To reduce the risk of severe lymphopenia, lymphocyte counts should be monitored before, during, and after treatment with cladribine, and strict criteria for initiating and continuing cladribine treatment should be followed.

Malignant neoplasms

In clinical studies and during long-term follow-up, malignant neoplasms occurred more frequently in patients treated with oral cladribine at a cumulative dose of 3.5 mg/kg (10 cases in 3414 patient-years [0.29 cases per 100 patient-years]) compared to placebo-treated patients (3 cases in 2022 patient-years [0.15 cases per 100 patient-years]).

Hypersensitivity

In clinical studies, hypersensitivity reactions occurred more frequently in patients receiving oral cladribine at a cumulative dose of 3.5 mg/kg (11.8%) compared to placebo-treated patients (8.4%). Serious hypersensitivity reactions were observed in 0.3% of cladribine-treated patients and were not observed in placebo-treated patients. Hypersensitivity reactions led to discontinuation of treatment in 0.4% of cladribine-treated patients and in 0.3% of placebo-treated patients.

Liver injury

During post-marketing surveillance, uncommon cases of liver injury, including serious cases and cases leading to treatment discontinuation, temporally associated with the use of the medicinal product have been reported. Transient increases in serum transaminase levels typically exceeded the upper limit of normal (ULN) by more than 5 times. Isolated cases of transient increases in serum transaminase levels up to 40 times above ULN and/or symptomatic hepatitis with transient increases in bilirubin and jaundice have been observed. These events occurred at various time intervals after initiation of treatment, but most cases were observed within 8 weeks after the first treatment course (see section "Dosage and administration").

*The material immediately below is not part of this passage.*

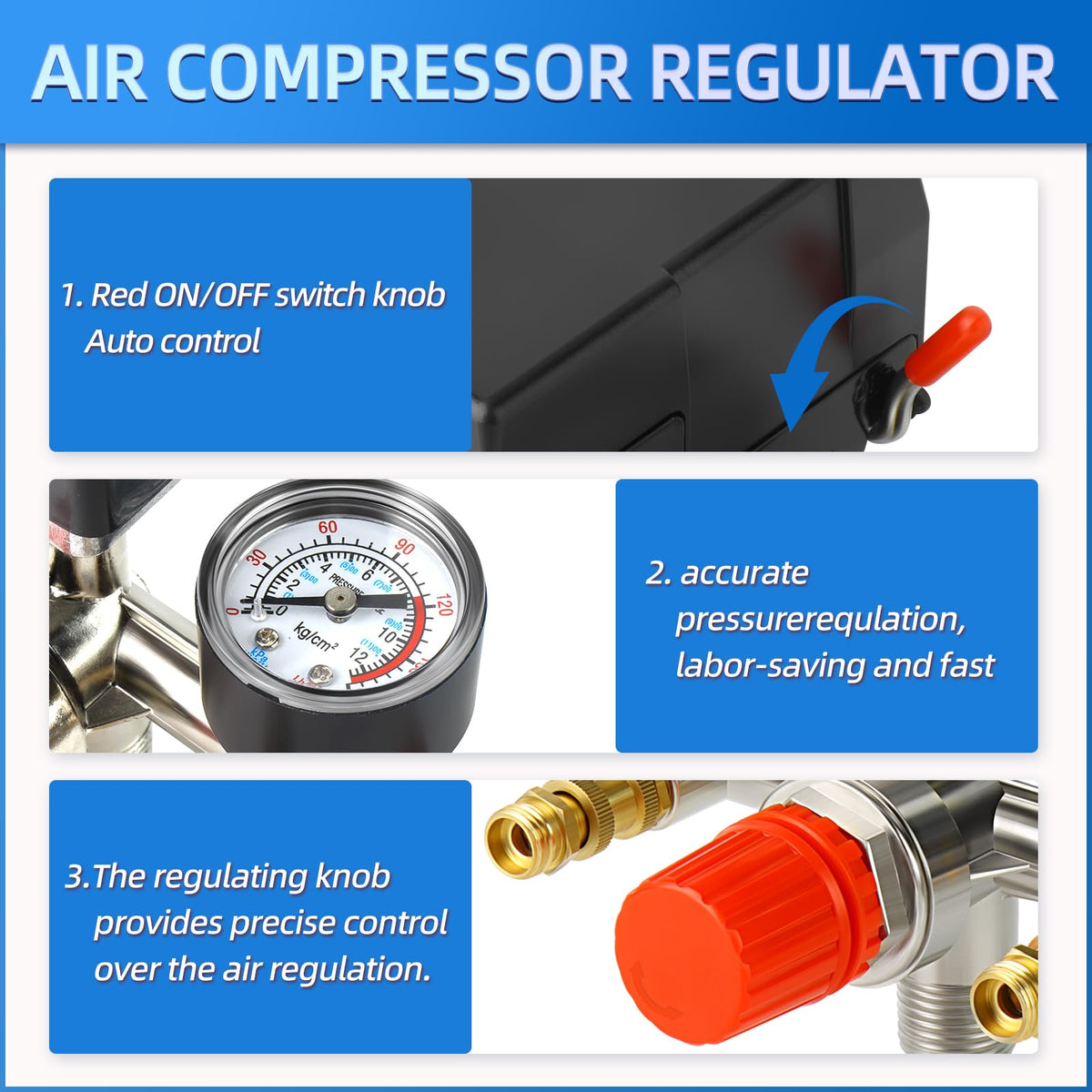 Specifications: Material: Plastic+Metal Color : Red, Black Maximum Pressure: 95-125 Psi Voltage Range: 110V-240V Design Concept: Auto Control, Save Electric Energy Of The Air Compressor. Feature: ?High Strength And Long Service Life. ?Save Electric Energy Of The Air Compressor. ?Thread Is Clear, No Burr On The Surface. ?Easy To Disassemble And Install. Package Included: 1 X Air Compressor Switch Control Valve 2 X Pressure Gauge 1 X Manifold Regulator 1 X Safety Pressure Relief Valve 2 X Thread Pipe Plug 1 X Hex Wrench 1 X Teflon Tape
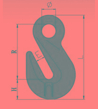 | SIZE | WT./KG | WLL/T | B.L/T | E | Ø | H | R | L |

Reporting of suspected adverse reactions

Reporting of adverse reactions after marketing authorization is important. It allows continuous monitoring of the benefit-risk balance of the medicinal product. Medical and pharmaceutical professionals, as well as patients or their legal representatives, should report all suspected adverse reactions and lack of efficacy through the Automated Pharmacovigilance Information System at: https://aisf.dec.gov.ua.

Shelf life. 2 years.

Storage conditions

Store in the original packaging to protect from moisture. Keep out of reach of children.

Packaging

1 tablet in a blister, 1 blister in a cardboard box.

Prescription status. Prescription only.

Manufacturer.

Haupt Pharma Amareg GmbH.

Manufacturer's address and location of operations

Donaustraße 378, Schwabelweis, Regensburg, Bavaria, 93055, Germany.